In k-fold cross-validation, the original sample is randomly partitioned into k equal sized subsamples. Of the k subsamples, a single subsample is retained as the validation data for testing the model, and the remaining k − 1 subsamples are used as training data. The cross-validation process is then repeated k times, with each of the k subsamples used exactly once as the validation data. The k results can then be averaged to produce a single estimation. 
![cross validation diagram](https://scikit-learn.org/stable/_images/grid_search_cross_validation.png)
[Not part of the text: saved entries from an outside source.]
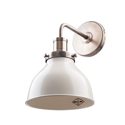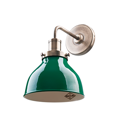 Aplique de pared construido en acero pintado en polvo horneado 200º. Brazo, base y capuchón superior en bronce viejo. Portalámpara E27.
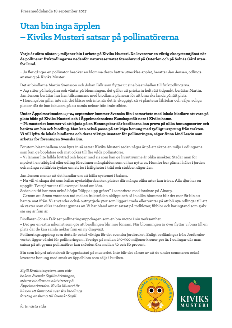 Utan bin inga äpplen – Kiviks Musteri satsar på pollinatörerna
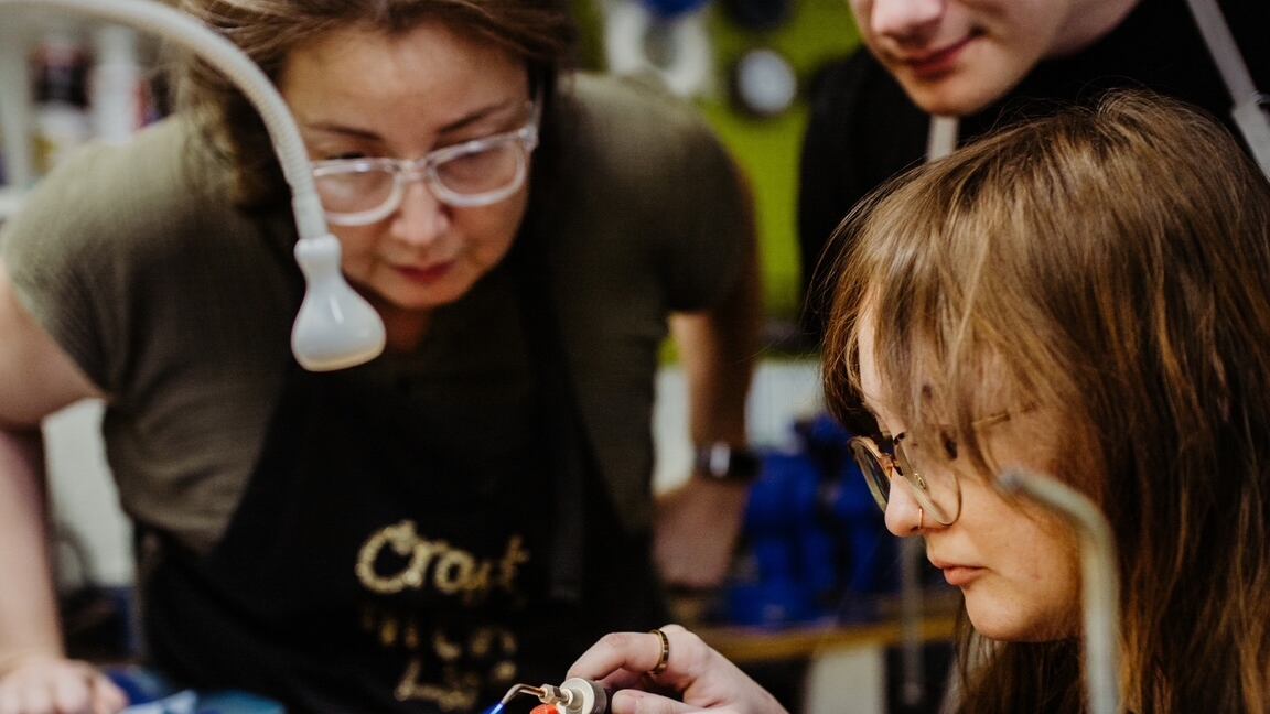 She started MAC’s metalsmithing and jewelry program in Multnomah Village back in 2001 with her own tools and curriculum. Now, it employs Shiga plus six other instructors. The classes are affordable and usually full, often with a waiting list. Shiga has showcased her art at MAC’s gallery. She appreciates the center’s specialty equipment and ventilation, and meets at the center monthly with the other members of the Creative Metal Arts Guild.
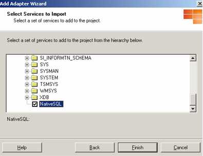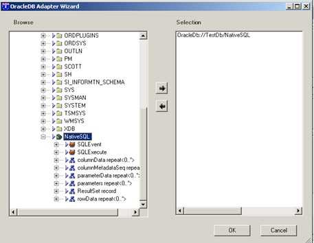The final case involves using the orchestration to make a more complicated call to the Oracle database. For instance, if you wanted to do a cross-table insert, or do any sort of operation where the “stock” operations were too restrictive. I started by using the “Add Generated Items” wizard again, but this time, I chose NativeSQL as my service to consume.
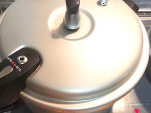 ![]() ④蓋をして強火で加熱し、重りがカタカタしたら、弱火にして8~10分煮込みましょう。 ⑤煮込み終えたら、蓋が取れるまで室内に放置します。 |
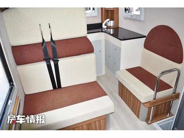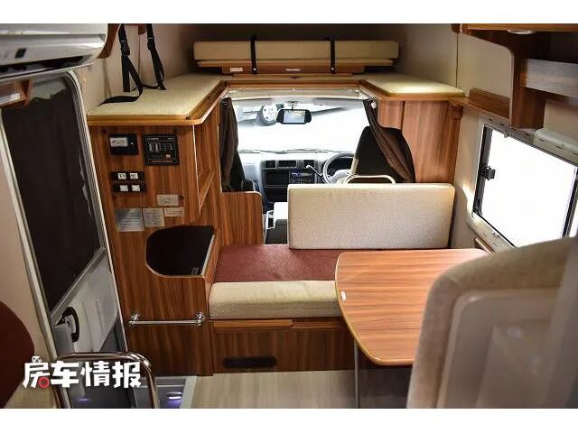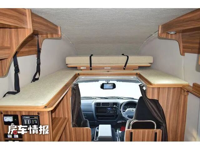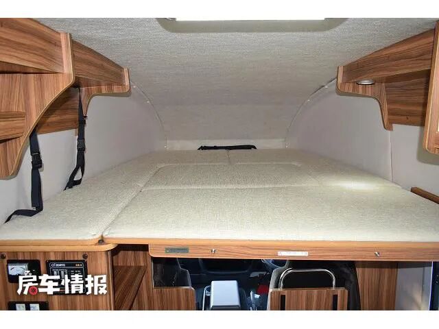 在前方的驾驶室上方的大额头区内提供了一张可折叠的额头床,足够满足两个人的睡眠休息需求,这也是一个很新颖的设计,因为平时不需要的时候还可以将床板折叠起来,这样就能为下方的驾驶室预留出更多的空间,并且可以增加整体的通透性。
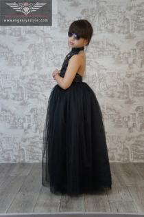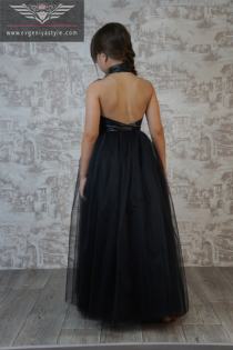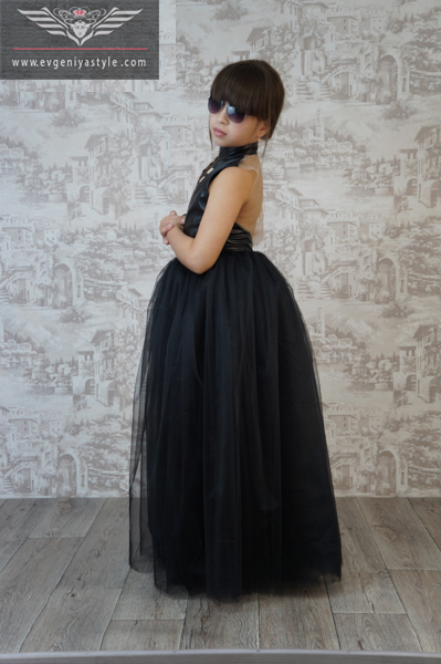 Пышное платье с кожаным лифом и открытой спиной, по спинке застежка запахом, для легкой регулировки ширины изделия по ребенку. Если ваш ребенок немного поправится или похудеет, то достаточно перешить одну кнопку по спинке и платье будет четко сидеть по фигуре.
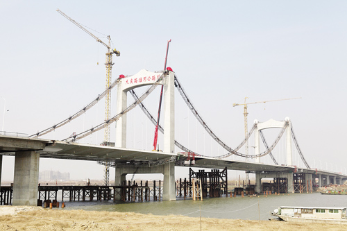 昨天上午,記者登上大慶路淮河公路橋主橋面時,熱鬧的施工現場與寒冷的天氣形成了鮮明的對比。大橋最南端的接線上,幾臺機器正在攤鋪最后一層瀝青。大慶路淮河公路橋建設指揮部技術質量部部長薛峰告訴記者,橋面瀝青一天之內就能鋪好。“瀝青是最后一道主要工序,完成后就標志大橋主體大功告成了。”
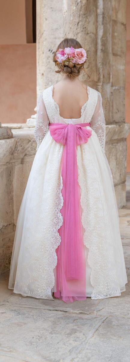 Confeccionado con un tul con topo rosa bordado, un tejido muy dulce. El cuerpo y mangas lleva una delicada puntilla en tonos rosas y marfil. En la cintura como siempre un tocado hecho a mano con unos toques verdes para darle un toque especial a este vestido sencillo, que hará sentirse a tu niña como una verdadera princesa en su día especial.
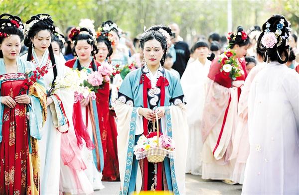 当日,鹿邑县汉服爱好者和慕名而来的游客集聚一堂共庆花朝节,见证消失数百年的迎花神、祭花神、黼禊纳祥、簪花赐福等环节的传统习俗,以及挂红祈愿、献舞花神、花仙走秀、赏花游园等传统节目。
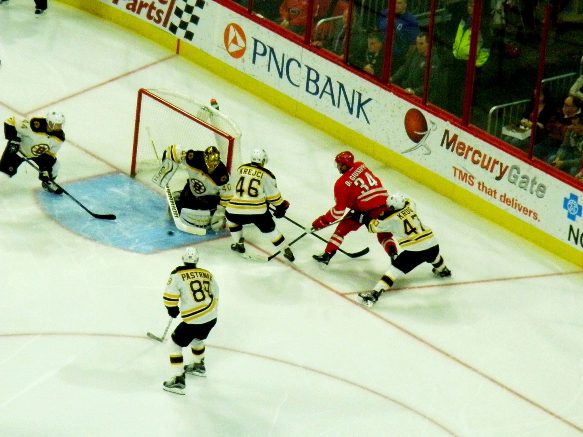 Playing to one of the bigger crowds of the season at PNC Arena on Friday, the Carolina Hurricanes and Boston Bruins offered up a gritty display of end-to-end hockey that ended with the Hurricanes losing 4-1 as a result of an impressive 39-save performance from Bruins netminder Tuukka Rask.
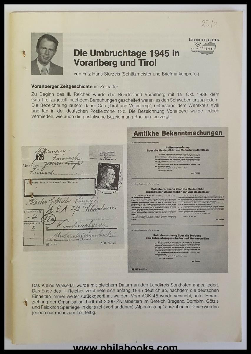 Sturzeis, Fritz H., Die Umbruchtage 1945 in Voralberg und Tirol, o.J., ca 1985, mit vielen Abb., #71861
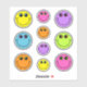 These stickers feature emoji faces in pink, orange, yellow, green blue and purple with different coloured eyes and big happy smiles.
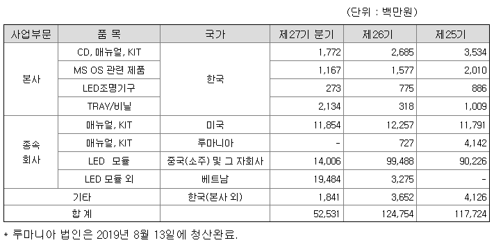 위 표를 통해 제이엠아이의 매출실적을 확인할 수 있습니다

### 4. Fitting Decision Tree modelling 

In [None]:
score_measure = "precision"
kfolds = 7

param_grid = {
    'min_samples_split': np.arange(39,48),  
    'min_samples_leaf': np.arange(6,12),
    'min_impurity_decrease': np.arange(0.0048, 0.0054, 0.0001),
    'max_leaf_nodes': np.arange(162,168), 
    'max_depth': np.arange(15,21), 
    'criterion': ['entropy'],
}

dtree = DecisionTreeClassifier()
grid_search = GridSearchCV(estimator = dtree, param_grid=param_grid, cv=kfolds, 
                           scoring=score_measure, verbose=1, n_jobs=-1,  # n_jobs=-1 will utilize all available CPUs 
                           return_train_score=True)

_ = grid_search.fit(X_train, y_train)

print(f"The best {score_measure} score is {grid_search.best_score_}")
print(f"... with parameters: {grid_search.best_params_}")

bestRecallTree = grid_search.best_estimator_

Fitting 7 folds for each of 13608 candidates, totalling 95256 fits


In [None]:
c_matrix = confusion_matrix(y_test, grid_search.predict(X_test))
TP = c_matrix[1][1]
TN = c_matrix[0][0]
FP = c_matrix[0][1]
FN = c_matrix[1][0]
print(f"Accuracy={(TP+TN)/(TP+TN+FP+FN):.7f} Precision={TP/(TP+FP):.7f} Recall={TP/(TP+FN):.7f} F1={2*TP/(2*TP+FP+FN):.7f}")

###  Importance of features

In [None]:
from sklearn.tree import plot_tree
import matplotlib.pyplot as plt

plt.figure(figsize=(125,50))
tree = plot_tree(grid_search.best_estimator_, 
              #feature_names=train_inputs.columns.values, # our feature names are stripped from the data set
              class_names=['lt 150', 'gte 150'], 
              filled=True, 
              rounded=True, 
              fontsize=14)

### CONCLUSION:
From both the models we can see the performance of accuracy, precision, recall and F1 Score.

SVM Model using poly kernel displays 
Accuracy = 0.927653 ; Precision= 0.910769 ; Recall= 0.948718 ; F1 Score =0.929356

Where as Decision Tree using grid search shows, 
Accuracy =0.8462980 ; Precision= 0.8379374; Recall =0.8568738 ;F1 Score = 0.8472998

1. Decision Tree shows low performance compared to SVM Model using Kernel , all the measures i.e., accuracy, precision, REcall and F1Score are low.
2. Decisoion Tree Modelling is more time consuming and takes more memory to evaluate the performance.

From this it is clear that SVM Modelling is best compared to Decision tree modelling of data.
Precision being the scoring measure to optimize the model precision value of SVM using poly kernel is more when compared to the value of Decision tree's precision.